Deretan rumah yang masih dihuni ini terbuat dari kayu-kayu ulin serta ada salah satu rumah yang memiliki marmer dan tehel kunci dari Eropa. Dari delapan rumah tersebut, ada dua rumah kembar karena bangunannya mirip, rumah batu karena hanya satu-satunya bangunan batu di kampung tersebut serta ada salah satu bangunan yang saat ini menjadi Yayasan Sekolah bagi anak-anak sekitar kampung.
Uniknya sekolahan di kampung ini mengikuti ajaran kurikulum sesuai pendidikan di Arab yaitu pada hari Jumat mereka libur sedangkan hari Minggu mereka masuk belajar seperti biasa. Penduduk lokal kampung Al Munawwar ini sangat ramah dan terbuka dengan wisatawan yang datang berkunjung. Namun, sebagai pengunjung juga harus mengikuti aturan-aturan yang berlaku sesuai dengan syariat Islam.
Baca :
- Telisik Kampung Firma, Perkampungan Rumah Tradisional 4 Ulu Palembang
- Telisik Kampung Tangga Raja, Rumah Persembunyian Soekarno Tempo Dulu di 2 Ulu Palembang
Hidangan Kuliner Khas Kampung Arab

Saya sendiri saat dulu berkunjung ke kampung arab Al Munawwar sempat diperlihatkan sebuah al-quran dengan tinta emas yang berusia lebih dari 100 tahun. Kemudian di momen tertentu, terkadang warga kampung Al Munawwar mengadakan acara “munggahan” lengkap dengan tarian Gambus. Acara “munggahan” ini seperti tradisi makan bersama secara lesehan dengan hidangan khas arab yaitu nasi minyak yang mirip seperti nasi briyani yang ada campuran kismis, lalu ada lauk pauk seperti gulai kambing dan ayam serta ada sayuran dan sambal buah.

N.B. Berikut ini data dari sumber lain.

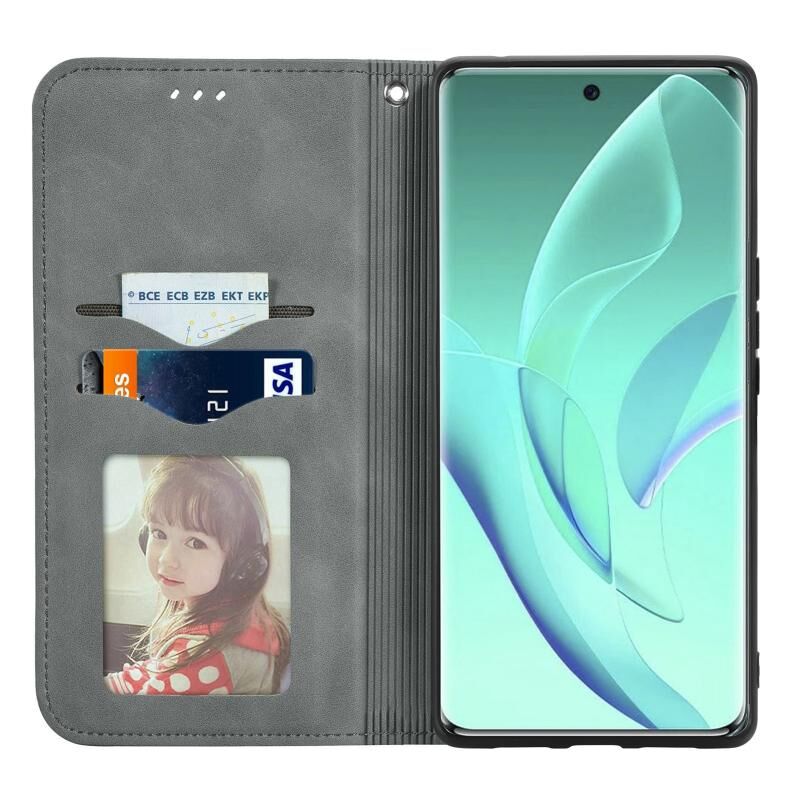 Για Honor 60 Pro Ρετρό δέρμα αίσθηση μαγνητική οριζόντια Flip δέρμα τηλέφωνο υπόθεση (γκρι)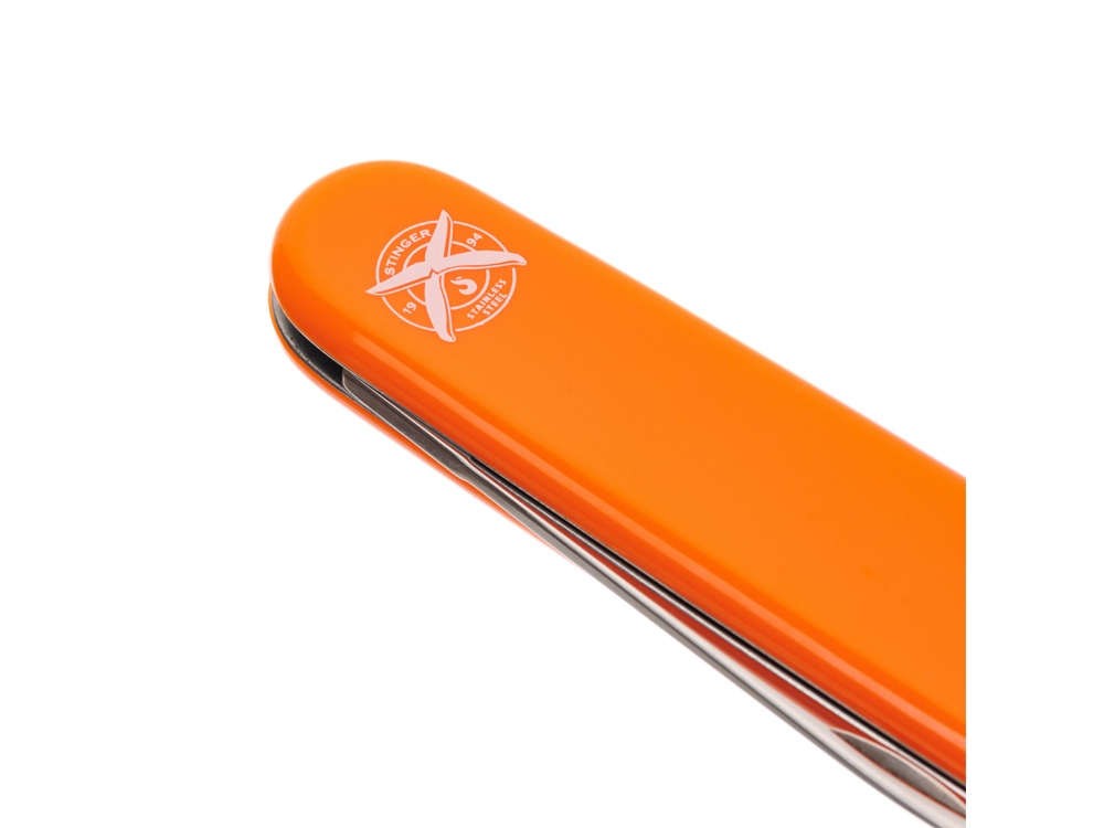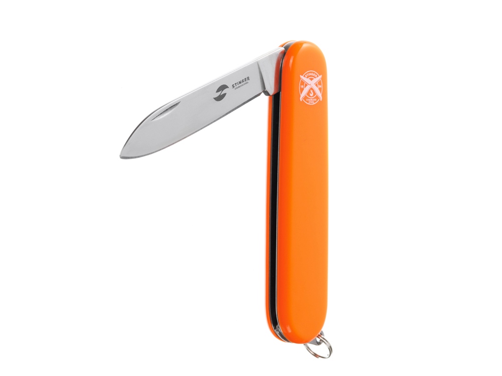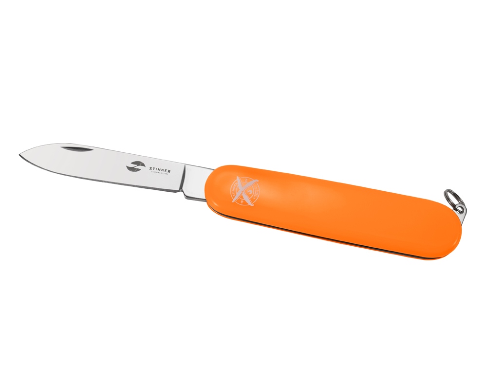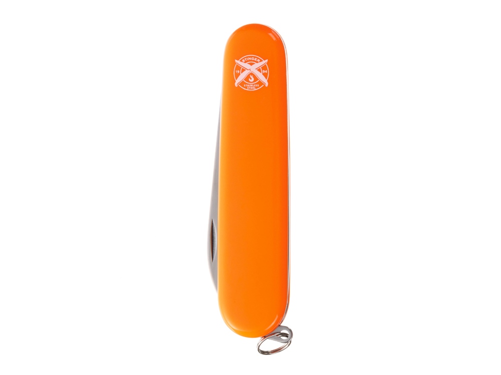 Нож перочинный STINGER имеет 2 функции: 1. Лезвие 2. Кольцо для ключей ХАРАКТЕРИСТИКИ Материалы • лезвие/инструменты: нержавеющая сталь 420, твердость 44-48 HRC • рукоять: нержавеющая сталь 420, твердость 44-48 HRC • накладки рукояти: АБС-пластик Размеры • Размеры ножа: 90х26,5х14 мм • Общая длина: 160,1 мм • Длина клинка: 67,5 мм • Наибольшая ширина клинка: 12,3 мм • Толщина обуха: 2,5 мм • Длина рукояти: 92,6 мм • Ширина рукояти (в ср.части): 20,3 мм • Толщина рукояти (в ср.части): 12,1 мм Вес: 50 г Цвет накладок рукояти: оранжевый Накладки рукояти ножа не подлежат замене. Упаковка: картонная коробка

Selanjutnya, para pria arab ini akan berdendang alunan musik Timur Tengah. Tarian ini merakyat dan merangkul tiap orang untuk bisa ikut menari bersama. Gerakan awalnya memang memiliki ritme namun setelah itu Anda pun diajak untuk menari bersama mengikuti gerakan mereka. Sangat menarik!


Sambil Anda menonton tarian gambus dan menikmati hidangan “munggahan”, ternyata di kampung arab Al-Munawwar ini di dalamnya ada pengusaha kopi turun temurun. Kopi andalan di kampung ini berjenis robusta arabika Sumatra Selatan. Cita rasa aroma kopinya sangat khas sehingga akan sangat menggoda bagi para penikmat kopi.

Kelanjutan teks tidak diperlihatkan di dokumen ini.